Все помолчали. Положение Виктора Иванцова было крайне опасным. Но и Валентину оставаться в Центральном лагере было невозможно.

— Я полагаю, товарищи, необходимо вывести одну группу советских офицеров в район Малых Татр. Они должны будут связаться с польскими и чешскими [225] партизанами, чтобы наладить помощь будущему восстанию в Освенциме извне. Как вы думаете? — Эрнст обвел взглядом лица Саши, Махурина, Валентина, остановился на лице Людвига. — Как ты на это смотришь, Локманис?

Людвиг заговорил о переводе русских как о чем-то давно решенном.

— Я думаю, что за исходный пункт побега в Татры нужно взять Аушвиц-три, или Буну, — сказал Людвиг по-немецки. — Там на фабрике «Буна-Верке» много пленных англичан, французов, поляков. Эсэсовцев сравнительно мало. Все формальности по отправке русских в Буну возьмем на себя. Ты сам сделаешь это в шрайбштубе.

— Gut. Через два-три дня все будет сделано, — сказал Эрнст. — Товарищу за эти три дня нужно совсем поправиться. Локманис, свяжись с чехом Франтишеком из ревира, он организует лекарства и все, что надо для перевязки.
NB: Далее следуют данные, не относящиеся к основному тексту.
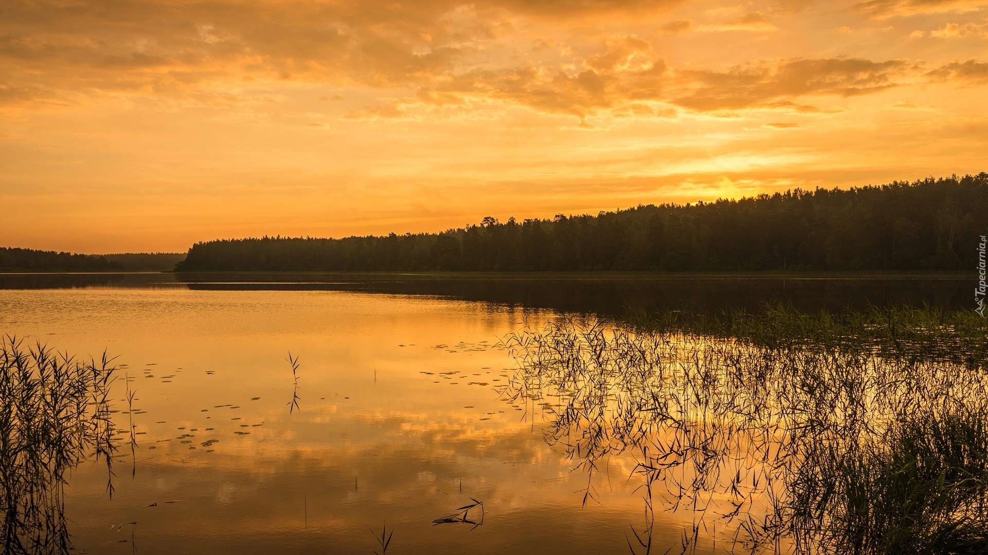 Edytor tapety: Szuwary i las nad jeziorem o zachodzie słońca

— Ну, Валентин, — сказал на прощание Саша, — поправляйся, отсюда носа не высовывай. А мы тебя постараемся подкормить до перевода в Буну. Жди.

— Ваню Костылько не оставляйте, — попросил Сашу Валентин. — Парнишка он хороший. Да о судьбе наших товарищей по мастерской узнайте, живы ли?

Людвиг устроил Валентину местечко в закоулке беклайдки, пожелал спокойной ночи и тоже ушел. Валентин впервые за много дней остался в безопасности и мгновенно уснул.

А через три дня, опять после отбоя, здесь же состоялось прощание Валентина, Махурина и Саши Гусева с Людвигом и Эрнстом.

На прощание Эрнст передал явки в Буне, уточнил средства связи. А Людвиг задержал русских у двери: [226]

— Минутен, братья...

Он обнял сперва Сашу, потом Петра Махурина и Валентина. В больших серых глазах Локманиса стояли слезы.

— Что делать? — сказал он печально по-русски и с грустью пошутил: — Iich bin ein alter Romantiker... (Я старый романтик...) Lebt wohl, Kameraden! (Прощайте, товарищи!)

Больше ни его, ни Эрнста Валентин уже не видел.